Projects such as Hines’ Levit Green, Texas Medical Center’s TMC3, and Alexandria (in the Woodlands) will deliver more than 1 million square feet of top-tier lab and research space to the market. 

“There is a really interesting paradigm going on with these new projects,” says Sarah Savage, a Vice President at JLL Houston’s Healthcare, Life Sciences, and Higher Education Team. “We are already seeing them set the high watermark for rental rates in the region to about $60 to $65 per square foot (base rate).

For Houston, that is an 85% jump in lease rates compared to the last purpose-built life sciences plaza.

“But even compared to Boston, which is seeing about $98 per square foot overall, and up to $140 per square foot in core submarkets, the lower cost is a major draw for larger companies as well,” Savage says.

Savage says that a unique part of the story is that due to increased demand in the market, they are seeing clients considering all options, from top-tier properties such as Levit Green to lower-tier properties and industrial shells. “You don’t really see this in other sectors,” she says.

Early mover advantage

While researchers are seeing investors refocusing more on resilient top-cluster markets, being an early mover in smaller markets can be a real strategy for companies looking to scale biotech.

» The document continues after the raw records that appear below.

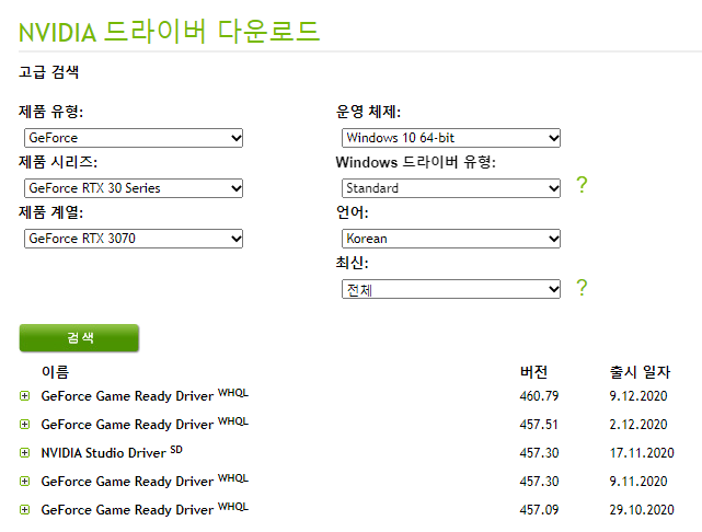 ASUS 홈페이지에 가서 받으려고 보니 드라이버를 제대로 찾을 수가 없어서 Nvidia 홈페이지를 방문해서 3070 드라이버를 다운로드 했습니다.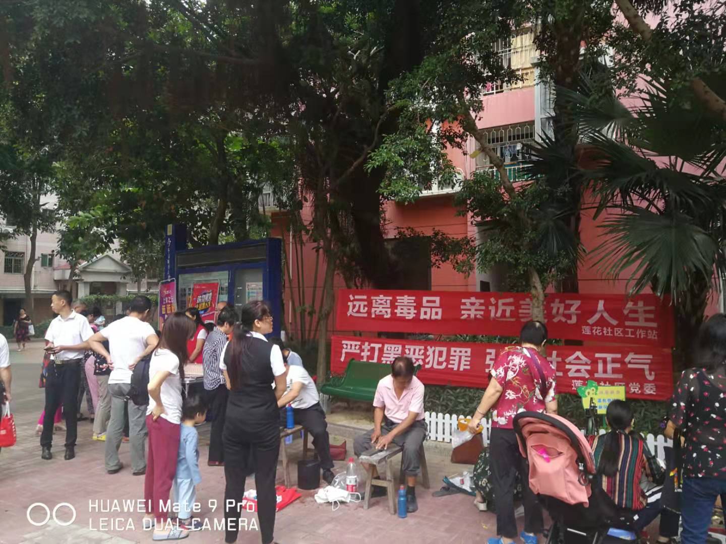 为持续推进扫黑除恶以及禁毒宣传工作,推广扫黑除恶行动以及禁毒理念,提高居民的参与度以及毒品防范意识。2019年10月28日,莲花社区组织禁毒社工及网格员,在桐景花园广场开展一场扫黑除恶、禁毒宣传教育活动。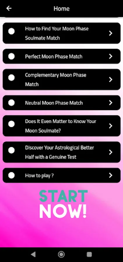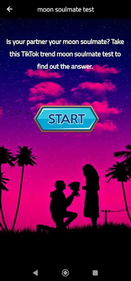 The Moon Soulmate Test is an exciting application designed to explore the mystical bonds between individuals and the moon. Whether you're curious about your soulmate's compatibility or seeking a deeper understanding of your connection to the lunar cycles, this app offers a range of features to help you explore and decode the cosmic energies.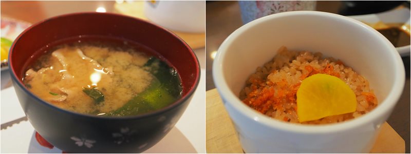 鯖魚考到表皮為焦魚肉軟嫩,淋上檸檬汁風味更佳,鮭魚鬆蒸飯表現平平,味增湯加上豬肉帶有一些肉香的鮮甜

Houston is a great example of a region benefiting from the early mover advantage, Schiada says, pointing to Levit Green announcing its first anchor tenant at Levit Green. Sino Biological, Inc., an international reagent supplier and service provider, has leased approximately 10,000 square feet of commercial lab and office space in Levit Green’s first phase.

Plenty of room to grow in place, lower overall occupancy costs, and plenty of academic resources make clusters outside the nation’s largest metros incredibly attractive, Schiada says.

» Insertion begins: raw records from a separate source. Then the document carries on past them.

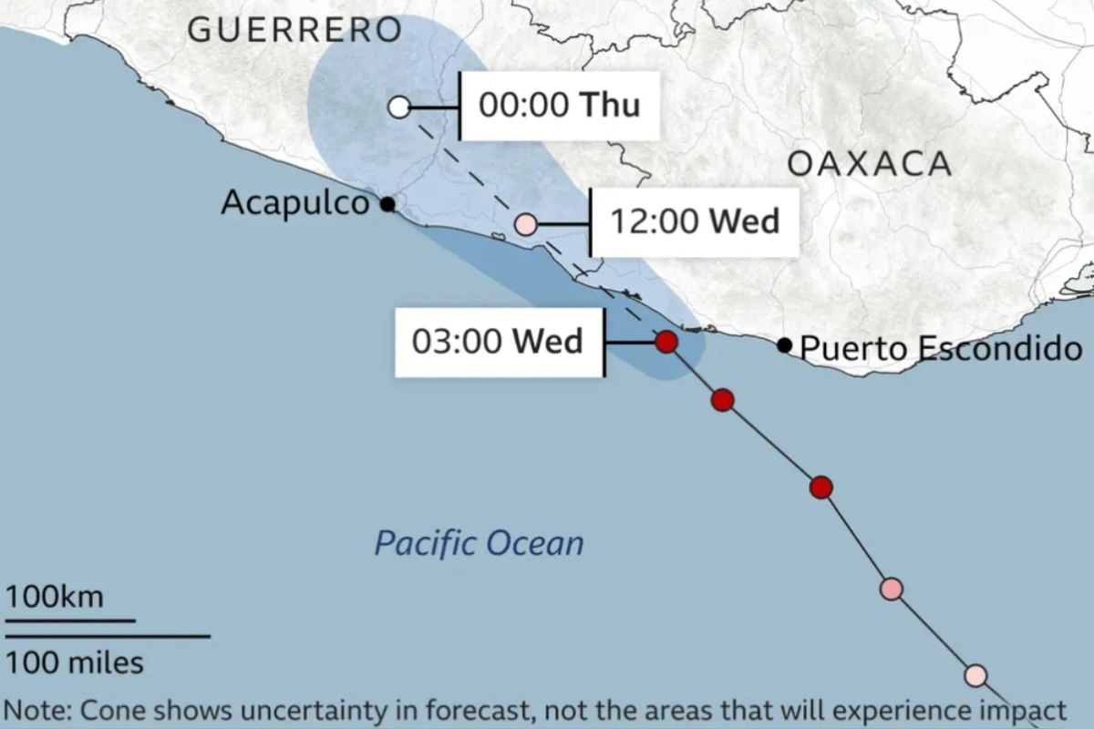 Zosilnenie hurikánu prišlo v stredu večer, kedy z prvej kategórie hurikán zvýšil svoju aktivitu na 3. kategóriu. Vietor do súmraku dosahoval rýchlosť 200km/h, asi 85 km od Puerto Angel. Aktuálne sa predpokladá, že hurikán príde do blízkosti letoviska Acapulco. To bolo naposledy hurikánom zničené v októbri 2023. Hurikán Otis (5. kategória) si vyžiadal životy najmenej 52 ľudí a 32 z nich bolo nezvestných. Búrka navyše vážne poškodila budovy a hotely v populárnom letovisku.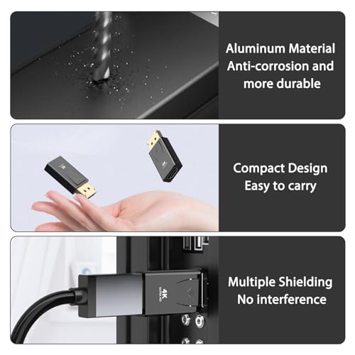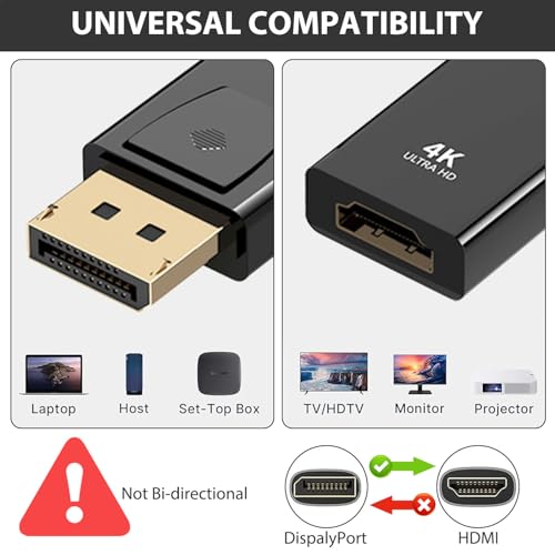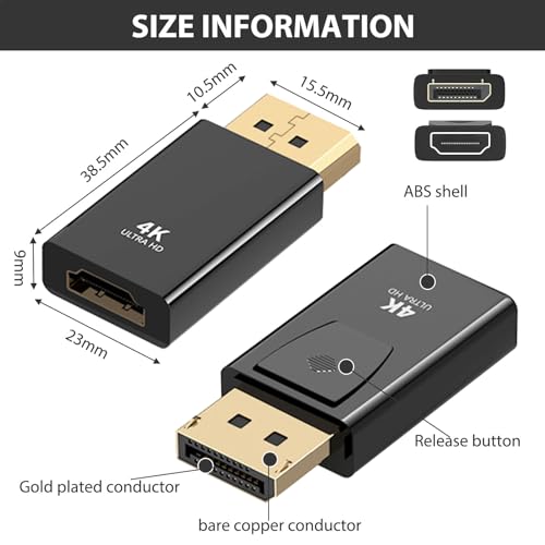 - 4 كيه الترا HD: يدعم محول منفذ العرض إلى HDMI أعلى دقة 4K عند 30 هرتز (ومتوافق مع الإصدارات السابقة 2K عند 120 هرتز، و1080P عند 120 هرتز)، مما يسمح بعرض صور سلسة وواقعية على الشاشة الكبيرة. يمنحك محول HDMI إلى منفذ عرض تجربة عرض ثلاثية الأبعاد غامرة وفريدة حقًا. يرجى ملاحظة ما يلي: كابل HDMI غير متضمن. غير متوافق مع HDMI إلى DP. محول HDMI ليس ثنائي الاتجاه.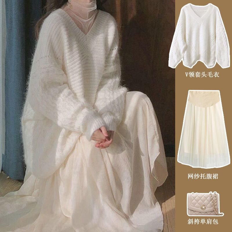 | nameOriginal | Maternity Dress Light Mature Gentle Style Light Luxury Socialite Super Fairy Sweater Two-piece Set Mesh dress Half-length Skirt |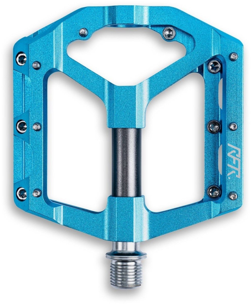 De platte en lichte aluminium body van het RFR SLT 2.0 platformpedaal draait met meervoudig afgedichte SLS-glijlagers rond een stijve CrMo-stalen as. De zestien antislip-pinnetjes, acht aan elke kant, zijn snel en makkelijk verwisselbaar. Met nog geen 300 gram zijn deze pedalen erg licht.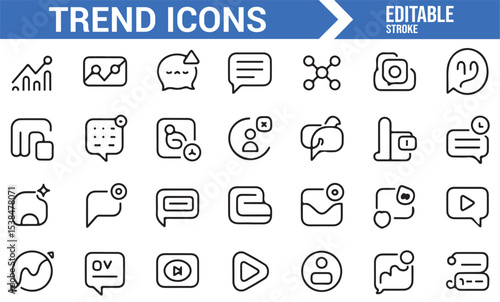 Digital media and trend icons featuring graphs, feedback, and play buttons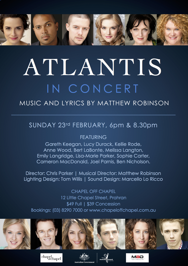 Atlantis in Concert was staged as a reading at 6pm and 8.30pm on Sunday 23 February 2014.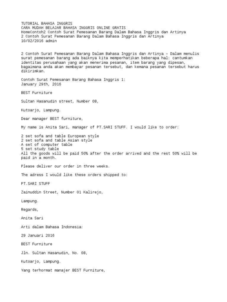 Surat pesanan ini sangat penting terutama sebagai bukti jika ingin klaim. Contoh surat pesanan barang furniture.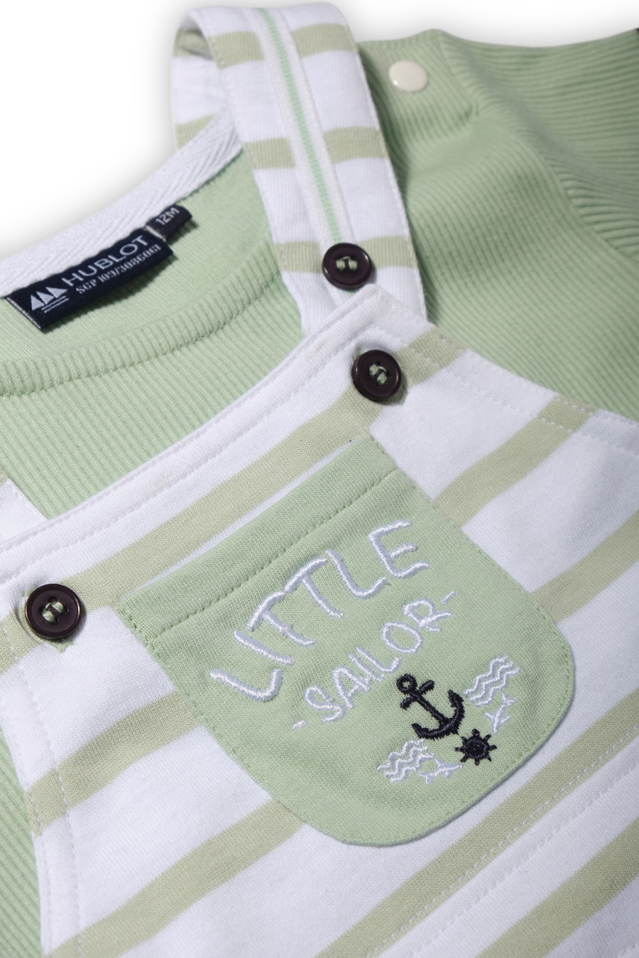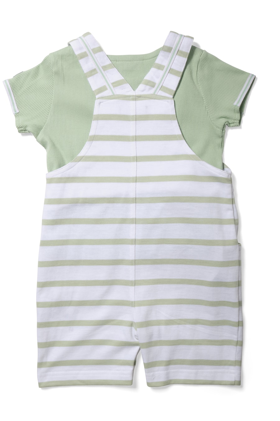 Description : Ensemble composé d’un tee-shirt à manches courtes et d’une salopette rayée.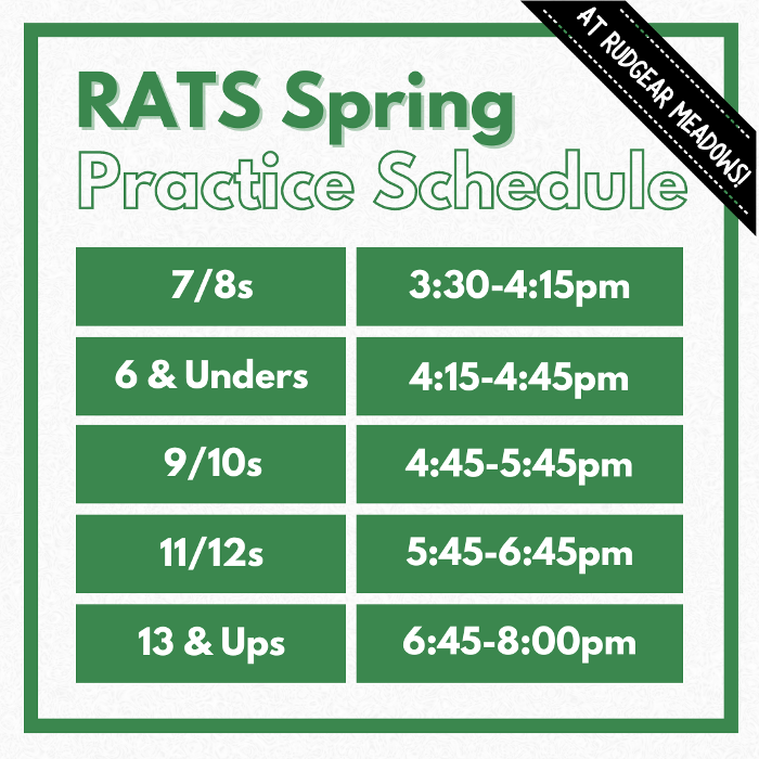 Get excited: practice starts Monday (4/10)! We are so pumped up to see all our Rats in the pool and to kick off another amazing. There is a lot of information below and if you're new to the team or need a refresher, please read everything. If you know the drill and need a summary here it is: Practice starts on Monday, it's at Rudgear Meadows, and the times are below. No practice on 4/12.

“But what is also interesting about these emerging markets is that they also tend to have great talent metrics,” Schiada adds. “That is attractive for companies looking to scale in biotech as labor costs are costly, especially in San Francisco and Boston. So, if you can grow your company in places like Houston or Minneapolis, your labor cost will be much lower.

“Companies that want to grow into a new market and save on those costs have a real opportunity to be dominant players who catalyze these up-and-coming regions.”